I'm working on a problem in calculus and am having difficulty with a specific function and its partial derivative. The function is defined as:
$F(u,v) = \int_{uv}^{u+v}e^{-(u-y)^2}dy$
I'm trying to calculate the partial derivative of this function with respect to $u$, evaluated at $u = 1$. Specifically, I'm looking to find $F'_u(1,v)$.
The correct answer is $(1-v) e^{-(1-v)^2}$
What I've Tried:
- I understand that the process involves applying the Leibniz rule for differentiating under the integral sign.

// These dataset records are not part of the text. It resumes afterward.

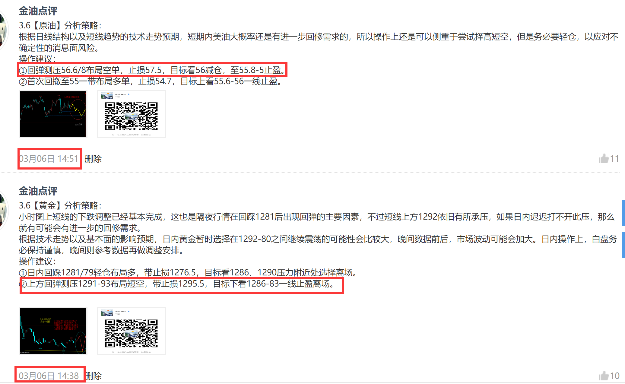 黄金 原油 盈利总结: 下午14:37分,金油点评给出黄金1291一线空单,目标下看到1286-83。通知实盘全部在1285做了止盈,单手完美止盈600美金。 下午14:51分,金油点评老师又给出原油56.8一线空单,目标看到55.8-5一线止盈,空单再次斩获1100美金利润。 【 如若有需要喊单,解套及实盘指导的朋友,可以扫一扫下方二维码】
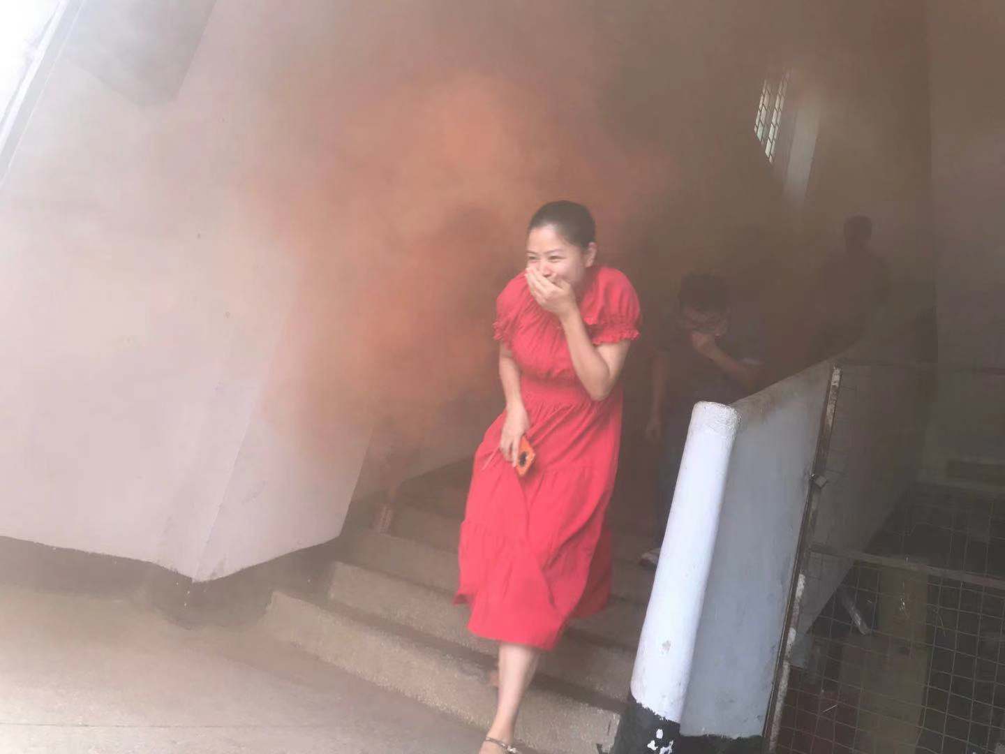 8月31日下午三點(diǎn), 隨著一股濃煙飄進(jìn)辦公樓內(nèi),急促刺耳的警報(bào)聲響起,消防應(yīng)急疏演練正式開始。有同事在樓道旁引導(dǎo)員工快速疏散,每個(gè)人各捂住口鼻,低頭有序沿著安全通道,撤離到露天地帶。集合完畢后,各部門清點(diǎn)人數(shù),并上報(bào)。整個(gè)演練過程安全、快速,僅用時(shí)3分鐘。
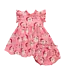 Sweet candy canes and jolly stocking-capped Santas mix and mingle on Pink Chicken's Jennifer Dress. Set includes a matching elastic waist diaper cover with a fixed red satin bow at the waist. Twin with Big Sis in the Girls Jennifer Dress.
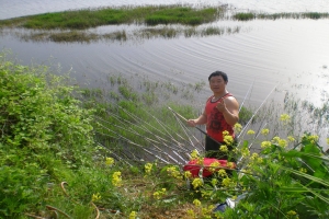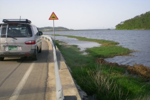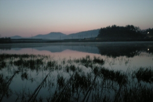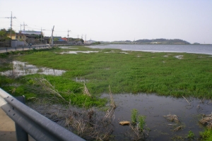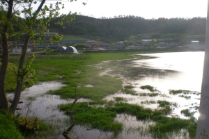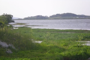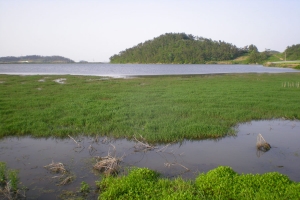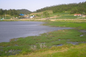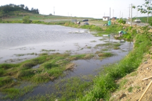 저수지 좌안쪽으로 상류에서 하류까지 뗏장들이 잘 형성되어 있읍니다. |
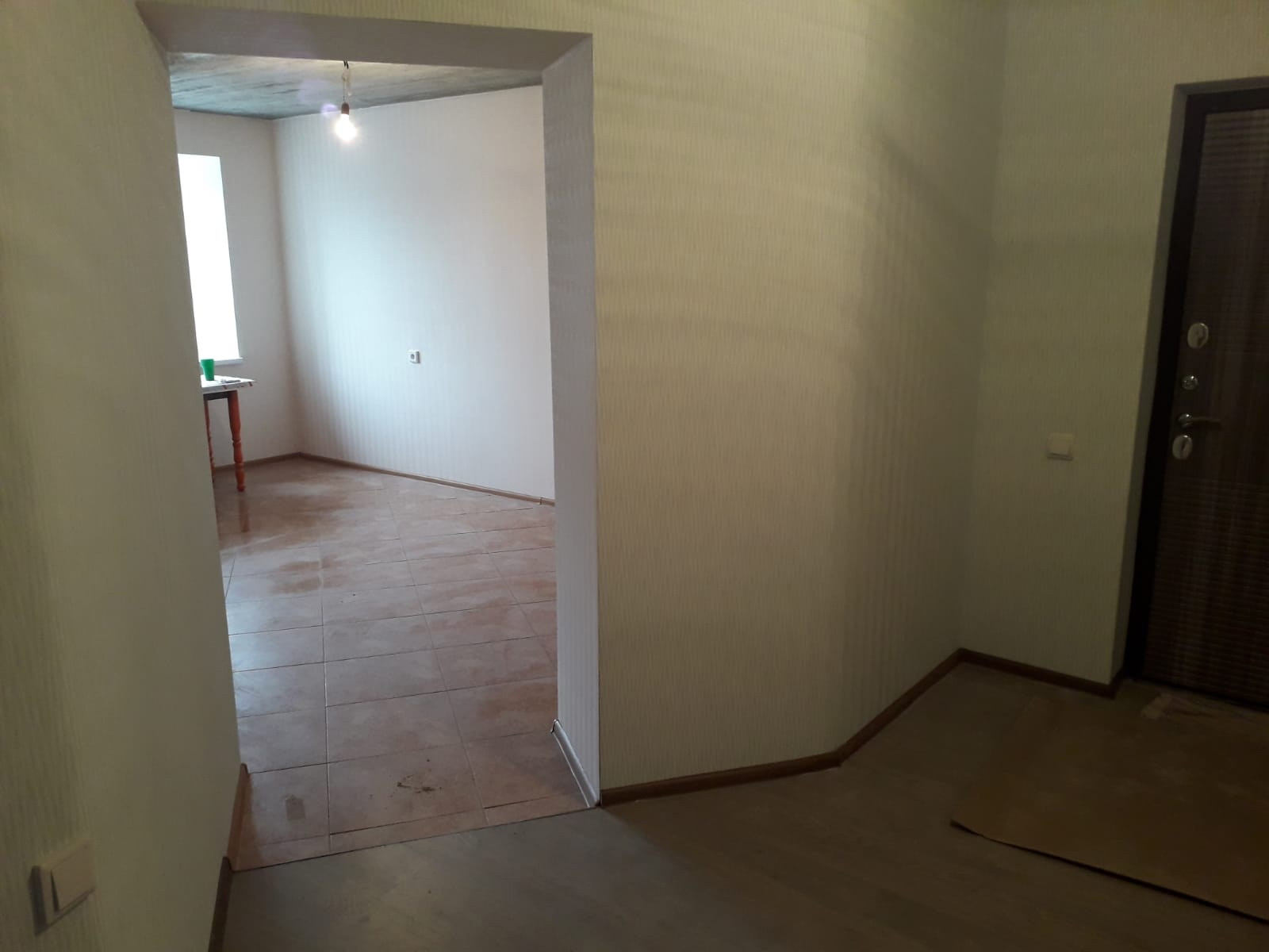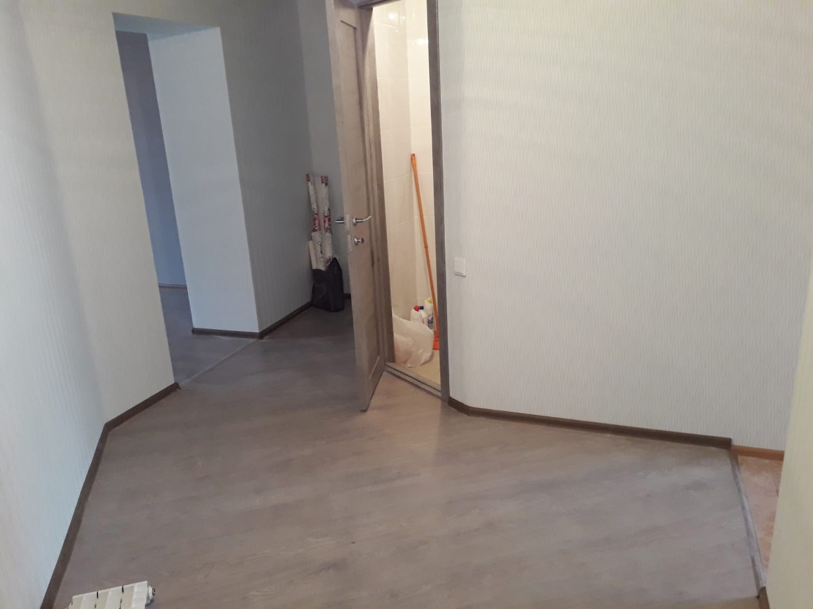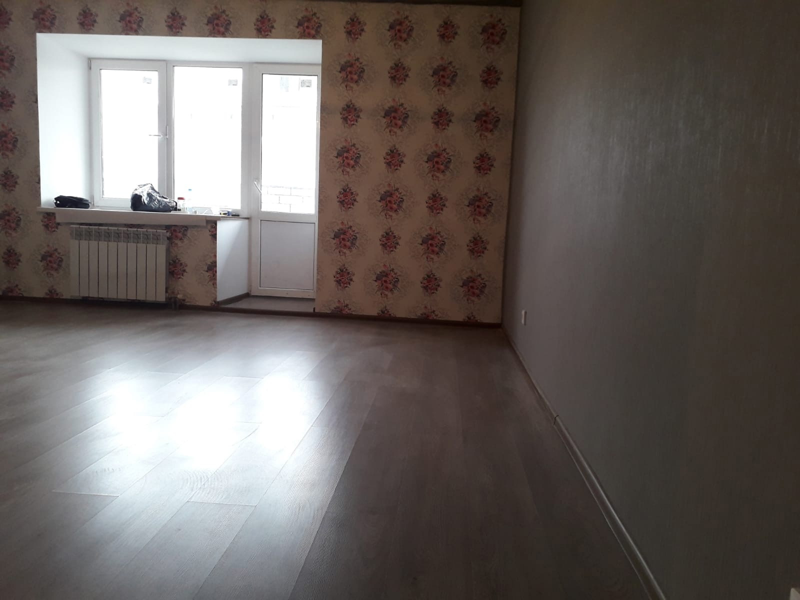 Ремонт из качественных материалов, планировка "распашонка". Балкон застеклен. В кухне-гостиной на полу качественная плитка, в коридоре и комнате- ламинат. На стенах обои, санузел в кафеле, установлены хорошие межкомнатные двери.

- I've attempted to differentiate inside the integral, but I'm unsure if I'm applying the rule correctly, especially with the changing limits of integration.
My Question:
Could someone help me understand the correct process for finding $F'_u(1,v)$? I'm particularly interested in:
- The correct application of the Leibniz rule in this context.
- Any special considerations that arise due to the limits of integration being functions of $u$ and $v$
- Detailed steps or explanations would be greatly appreciated, as I'm looking to understand the process thoroughly.
Thank you in advance for your help!
Since you are only interested in the differential w.r.t. $u$, we may regard $v$ as constant. So we'll omit the $v$ completely. Temporarily, regard your $F$ as a function of three variables, and write $$H(a,b,u) = \int_{a}^b g(u,y) dy$$ where $g(u,y) = e^{-(u-y)^2}$. Then your function in question is $$F(u) = \int_{a(u)}^{b(u)} g(u,y)dy = H(a(u),b(u),u).$$ where $a(u) = uv$ and $b(u) = u+v.$ Note that \begin{align*} &H_a = -g(u,a)\\ &H_b = g(u,b)\\ &H_u = \int_a^b g_u(u,y) dy. \end{align*} By the chain rule, \begin{align*} F_u(u) = H_a(a(u),b(u),u) \cdot a_u(u) + H_b (a(u),b(u),u) \cdot b_u(u) + H_u(a(u),b(u),u). \end{align*} Can you take it from here?